Test everything out. But with this ‘do’, comes a huge list of ‘do nots’ (not to be confused with donuts).
- Test something for a week. Not a big enough sample size
- Test something with a tiny fraction of spend. Identify a strong, reasonable, proportionate amount of budget to devote to the test.
- Test something on a low traffic campaign, unless the test is set up to drive more traffic to said campaign.
- Don’t go into it cursing the powers that be. Approach with optimism and good intent and you will be pleased with the outcome.
Look (listen), I am not always thrilled about PPC platforms adding and taking away features. I still go looking for the Display Planner in Google. I still consider myself relatively new to this industry and I’m always learning. Always. Which makes it exciting. Can you imagine working in an industry that doesn’t change and adapt? Poor Coke tried something new in 1985 and people freaked out.

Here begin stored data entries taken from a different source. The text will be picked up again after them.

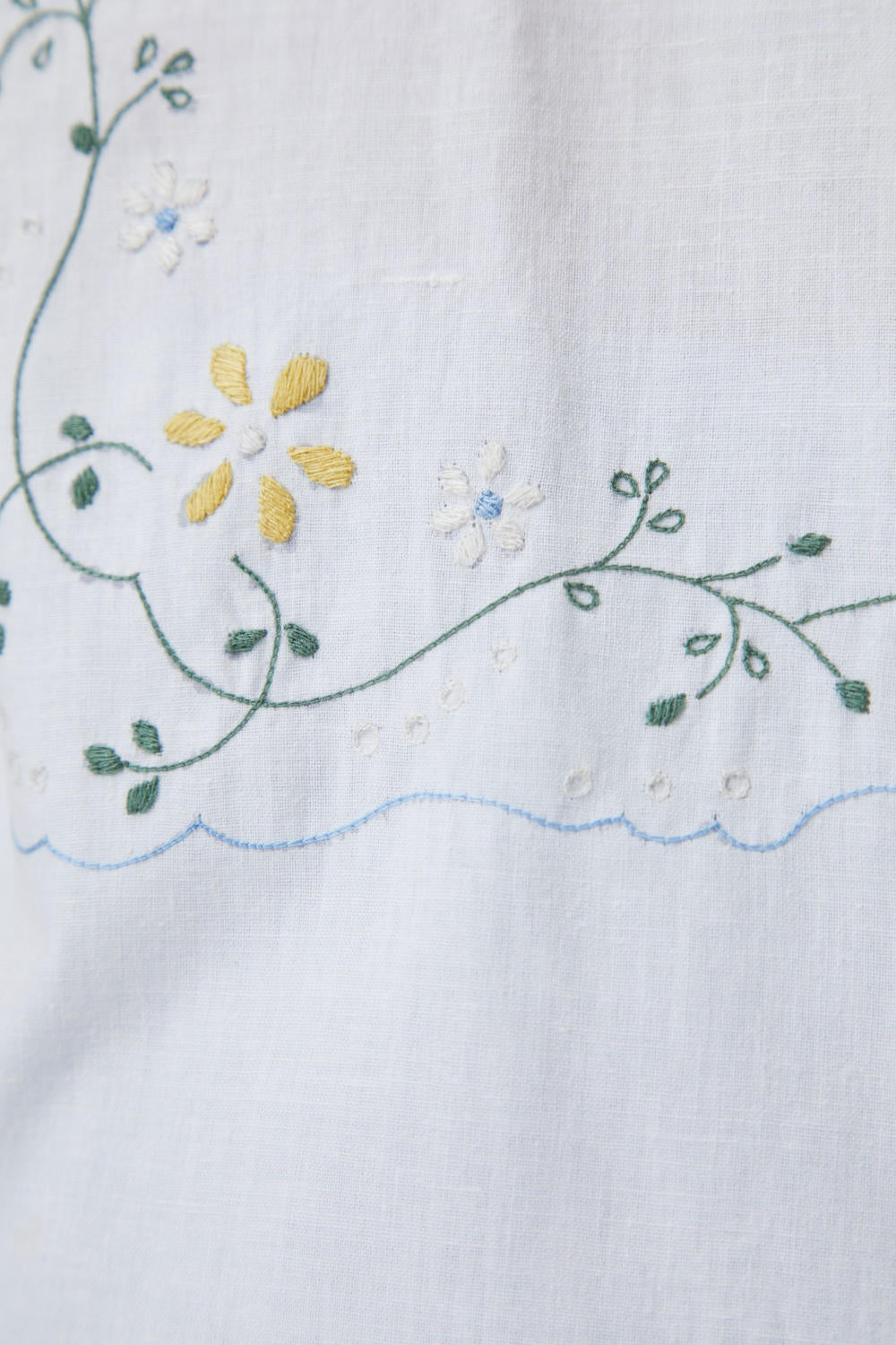 Hand embroidered by skilled craftsmen. Cuban collar shirt made in handspun and handwoven cotton. Short sleeves. Finished with vintage floral motifs embroidered by hand.
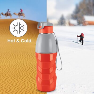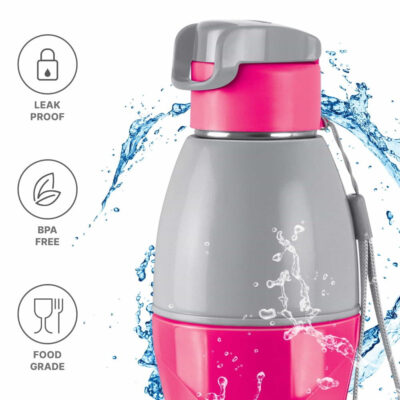 Color: Cherry Pink; Material: Inner Steel, Outer Plastic; Package Content: 1 – Piece Steel Racer Insulated Water Bottle (630 ml); Dimension in cms (L x W x H): 8 x 8 x 9.4
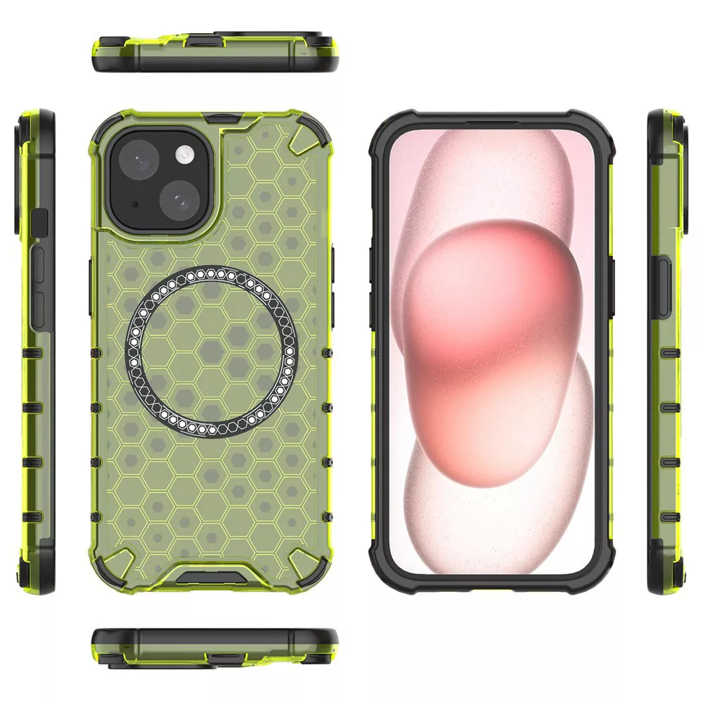 iPhone14 - Hátlap tok MagSafe - zöld - Techsuit HoneyComb Shield
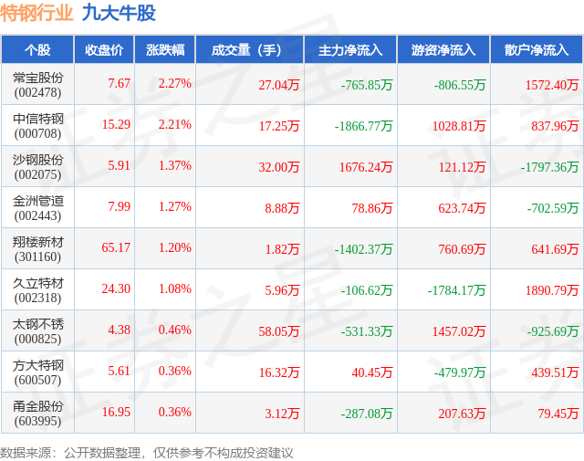 个股表现方面,特钢行业当日领涨股为常宝股份(002478),该股当日报收7.67,上涨2.27%,成交量27.04万,主力资金净流出765.85万元。中信特钢(000708)以上涨2.21%紧随其后,该股当日成交量17.25万,主力资金净流出1866.77万元。除此之外,沙钢股份(002075)、金洲管道(002443)、翔楼新材(301160)均进入当日牛股之列。具体个股列表见下表:
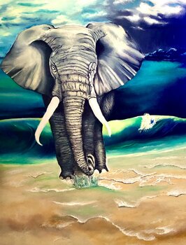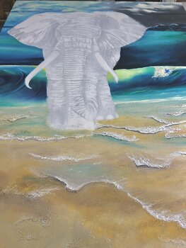 Dann gibt es dennoch eine Lösung, denn der Künstler arbeitet auch auf Kommission. Er kann stilistische Elemente, die Ihnen gefallen, in einem für Sie kreierten Werk einfließen lassen. Sie können dabei die Dimensionen bestimmen und wir verhandeln den Preis für Sie.
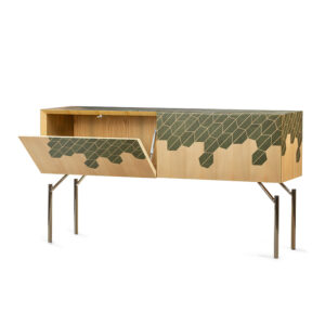 Primavera is one of the four consoles in the “Seasons” line, the result of research into textures and shapes derived from the plant world. The Hebanon furniture is the result of research into a new balance between nature and man: man is increasingly distant from his primordial condition and feels the need to find a new contact with the natural world. This reflection led to the creation of Primavera, a sideboard made of natural and green-stained ash with an acid-etched steel base. A fresh and bright inlay wraps the surfaces with a texture that evokes the wonder of the first leaves born after a long winter.
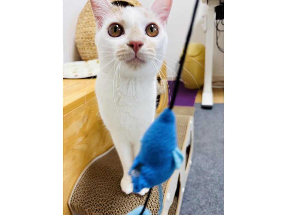 物音がするとビビリで隠れてしまいますが、おもちゃには夢中!
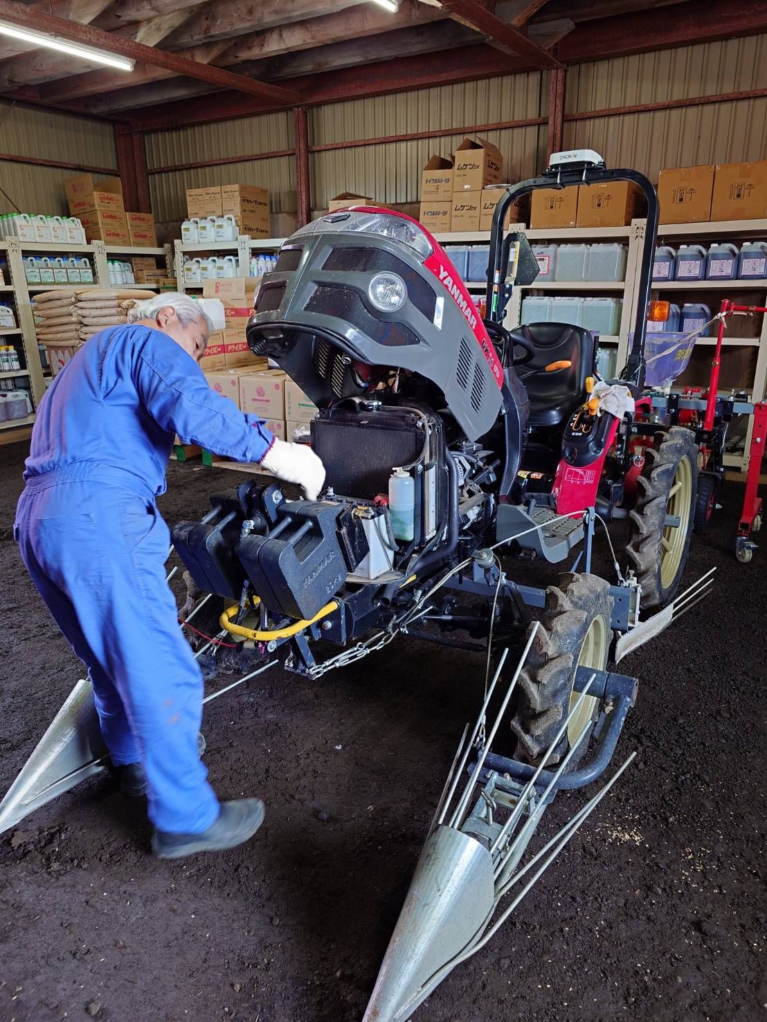 この不具合をいち早く察知する為に、播種作業時は、作業機の後ろに補助の人間に乗ってもらい、常時監視しています。
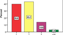 One or more antibiotic was prescribed during 36.9 % (n = 299) of all patient encounters. As a measure of antibiotic overuse, this value is close to the WHO standard, which recommends antibiotic prescriptions not exceed 30 % of patient encounters [11]. Our value fared much better in comparison to antibiotic prescription rates in pediatric settings in other developing countries like Sudan (81.3 %), Nigeria (71.1 %), and India (81.1 %) [14–16]. In higher income countries, these values ranged in pediatric settings from 18.5 % in Saudi Arabia, to 44.6 % in United Arab Emirates, and 85 % in Jordan [12, 13, 17]. Two or more antibiotics were prescribed in only 6.4 % (n = 52) of all encounters, suggesting that when antibiotics were prescribed in our sample, usually a single antimicrobial was used. The average duration of antibiotic therapy was 5.73 days (s = 3.53 days).
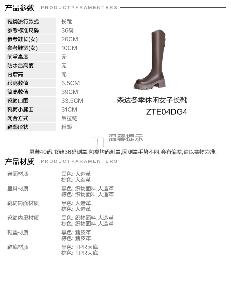 | 风格:休闲 | 色系:棕色 | 跟高数值:6.5CM | 性别:女子 | 筒高数值:39CM |
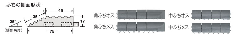 | 角ふちオス75×375mm 角ふちメス75×375mm 中ふちオス75×300mm 中ふちメス 75×300mm | 約17mm | 特殊ポリエチレン |

Make things easier on yourself
If you could take all the chores you hate to do and automate them would you? Please sign me up for a robot that takes my clean, folded laundry from the basket and puts it in the drawers. PPC is made up of so many tiny metrics that spin a web for us to work through. It is easy to get tangled in tasks. Keep your eye on your north star goal and let automation be your guide. Sure you are going to have to keep things in check. But if you are managing thousands and thousands of keywords, why in the world would you want to do bid changes manually. Gross. Almost as gross as New Coke.
“If you want something enough and your heart is pure, wondrous things can happen!” Famous words from Joey Tribiani. I had to fit one more pop culture reference in here. I recently attended a training and the trainer was talking about intent. When we approach a situation–be it a tough conversation or a sticky problem–with good intentions, we can get what we need and want. Ulterior motives, hidden agendas, wanting to prove a point to huge corporations like Google and Microsoft won’t do you much good. You will fall behind. You will be miserable. You won’t be able to catch up. You want success in PPC? Approach automation with an open mind.
Some of my RSAs are working great. Some are working okay. A good handful of my Target CPA campaigns are killing it. A few still need some work.
Without automation, some of my campaigns would be doing great and some wouldn’t. That is PPC.